И хотелось бы, чтобы этой пресловутой «злобы дня» было поменьше…
Больно уж она у нас неприглядна! — дальше «скандальной хроники» и киваний друг на друга — все ничего не вытанцовывается.
Поживем — увидим…
II
Человек любит сомневаться.
Чем объяснить это обычное явление — не знаю.
Любознательным рекомендую порыться в «Популярных психологиях» Сытина et tutti quanti[1], там, говорят, все можно найти…
Мне же кажется, что есть особый «микроб сомнения».
Он носится в скученной и душной земной атмосфере наших весей и городов и, не разбирая ни пола, ни возраста, ни звания, заползает незаметно в душу и начинает свою разлагающую, подтачивающую работу.
Сомневаются все — и во всем — старые и молодые, развитые… и просто глупые.
Каждый, конечно, по-своему…
Всегда, с незапамятных времен люди верили в свое «подрастающее поколение»…
Люди любили и берегли свою молодость… называли ее «молодыми побегами», «солью земли»…
Не то в наши дни…
«Наше поколенье юности не знает…»
Спросите вы какого-нибудь «сомневающегося индивидуума» 18 лет, любит ли он Гончарова, Тургенева, Достоевского.
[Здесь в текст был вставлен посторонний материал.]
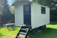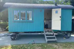 Ensuite shepherd's hut with a double bed, kitchenette and private bathroom facilities.

Назовите всех, кем гордится наша литература.
Ответ будет скор и лаконичен: «Устарели!», при этом молодой человек «делает умное лицо» и иронически на вас посматривает…
«Старая школа, батенька!»
И вот после такого «пассажа» вы сами начинаете сомневаться в том, читал ли милый мальчик «устарелых»?..
И если читал, то не так ли, как гоголевский Петрушка?
Наконец, сомневаетесь и в том, читал ли он вообще что-нибудь, кроме «заданного»?
Сомнение, продолжая свою разрушительную работу, доводит вас до того, что вам начинает казаться — уж не представители ли переходной формации от обезьяны к человеку перед вами!..
И, смущенный и огорченный, вы торопитесь уйти…
Вам даже досадно: «Дернуло же спрашивать!»
Сомнение сделало свое дело…
Еще одна «иллюстрация» — подошли вы к вашей доброй знакомой «поболтать».
«Я вам не помешаю, добрейшая (имярек)?» — в тоне вашего вопроса уже звучит сомнение…
Вместо спокойной уверенности в себе — вы с глубоким огорчением замечаете, что голос у вас дрожит, «срывается с тона» — и вообще вы начинаете чувствовать себя прескверно.
Угрюмый и недовольный, вы добросовестно шагаете рядом, а в голове родится мучительный вопрос сомнения: «Зачем я подошел?»